Thanks for the detailed response! Your examples were helpful to illustrate your general thinking, and I did update slightly towards thinking some version of this could work, but I am still getting stuck on a few points:
Re. the GHD comparison: firstly to clarify, I meant “quality of reasoning” primarily in terms of the stated theory of change rather than a much more difficult to assess general statement. I would expect the quality of reasoning around a ToC to quite strongly correlate with expected impact. Of course this might not always cash out in actual impact, but this doesn’t necessarily feel relevant for funding longtermist projects due to the inability to get feedback on actual impact. I think most longtermist work focuses on wicked problems, and this makes even progress of existing projects also not necessarily a good proxy for overall success.
For your 2 suggestions of methodology, it seems like (2) would be very useful to donors but would be very costly in expert time and not obviously worth it to me (although I’d be keen to try a small test-run and see) for the marginal gains compared to a grantmakers’ decision.
For method (1), I think that quantification is most useful for clarifying your own intuitions and allowing for some comparison within your own models. So I am certainly pro grantmakers doing their own quick evaluations, but I am not sure how useful it would be as a charity evaluator. I think you still have such irreducibly huge uncertainty bars on some of the key statements you need to get there (especially when you consider counterfactuals), that a final quantification of impact for a longtermist charity is just quite misleading for less well-informed donors.
For example, I’m not sure what a statement like “alignment being solved is 50% of what is necessary for an existential win” means exactly, but I think it does illustrate how messy this is. Does this mean it reduces AI X-risk by half this century? Increases chance of existential security by 50% (any effect on this seems to change an evaluation by orders of magnitude)? I am guessing it means it is 50% of the total work needed to reduce AI risk to ~0, but it seems awfully unclear how to quantify this as there must be some complex distribution of overall risk reduction depending on the amount of other progress made rather than a binary, which feels very hard to quantify. Thus I agree with claim(a), but am skeptical of our ability to make progress in a reasonable space of time for b.

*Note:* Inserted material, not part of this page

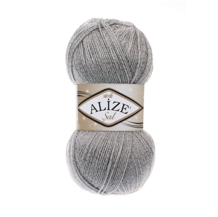 Пряжа Alize Sal silmi 95% акрил 5% металлик 21 серый меланж - Рукоделкино Товары для творчества Фурнитура для украшений

One thing that I would be excited about is more explicit statements by longtermist charities themselves detailing their own BOTECs along the lines of what you are talking about, justifying from their perspective why their project is worth funding. This allows you to clearly understand their worldview, the assumptions they are making, and what a “win” would look like for them, which allows you to make your own evaluation. I think it would be great to make reasoning more explicit and allow for more comparison probably within the AI safety community, but it feels unlikely to be useful for non extremely well-informed donors.
Thanks for the detailed response! Your examples were helpful to illustrate your general thinking, and I did update slightly towards thinking some version of this could work, but I am still getting stuck on a few points:
Re. the GHD comparison: firstly to clarify, I meant “quality of reasoning” primarily in terms of the stated theory of change rather than a much more difficult to assess general statement. I would expect the quality of reasoning around a ToC to quite strongly correlate with expected impact. Of course this might not always cash out in actual impact, but this doesn’t necessarily feel relevant for funding longtermist projects due to the inability to get feedback on actual impact. I think most longtermist work focuses on wicked problems, and this makes even progress of existing projects also not necessarily a good proxy for overall success.
For your 2 suggestions of methodology, it seems like (2) would be very useful to donors but would be very costly in expert time and not obviously worth it to me (although I’d be keen to try a small test-run and see) for the marginal gains compared to a grantmakers’ decision.
For method (1), I think that quantification is most useful for clarifying your own intuitions and allowing for some comparison within your own models. So I am certainly pro grantmakers doing their own quick evaluations, but I am not sure how useful it would be as a charity evaluator. I think you still have such irreducibly huge uncertainty bars on some of the key statements you need to get there (especially when you consider counterfactuals), that a final quantification of impact for a longtermist charity is just quite misleading for less well-informed donors.
For example, I’m not sure what a statement like “alignment being solved is 50% of what is necessary for an existential win” means exactly, but I think it does illustrate how messy this is. Does this mean it reduces AI X-risk by half this century? Increases chance of existential security by 50% (any effect on this seems to change an evaluation by orders of magnitude)? I am guessing it means it is 50% of the total work needed to reduce AI risk to ~0, but it seems awfully unclear how to quantify this as there must be some complex distribution of overall risk reduction depending on the amount of other progress made rather than a binary, which feels very hard to quantify. Thus I agree with claim(a), but am skeptical of our ability to make progress in a reasonable space of time for b.
One thing that I would be excited about is more explicit statements by longtermist charities themselves detailing their own BOTECs along the lines of what you are talking about, justifying from their perspective why their project is worth funding. This allows you to clearly understand their worldview, the assumptions they are making, and what a “win” would look like for them, which allows you to make your own evaluation. I think it would be great to make reasoning more explicit and allow for more comparison probably within the AI safety community, but it feels unlikely to be useful for non extremely well-informed donors.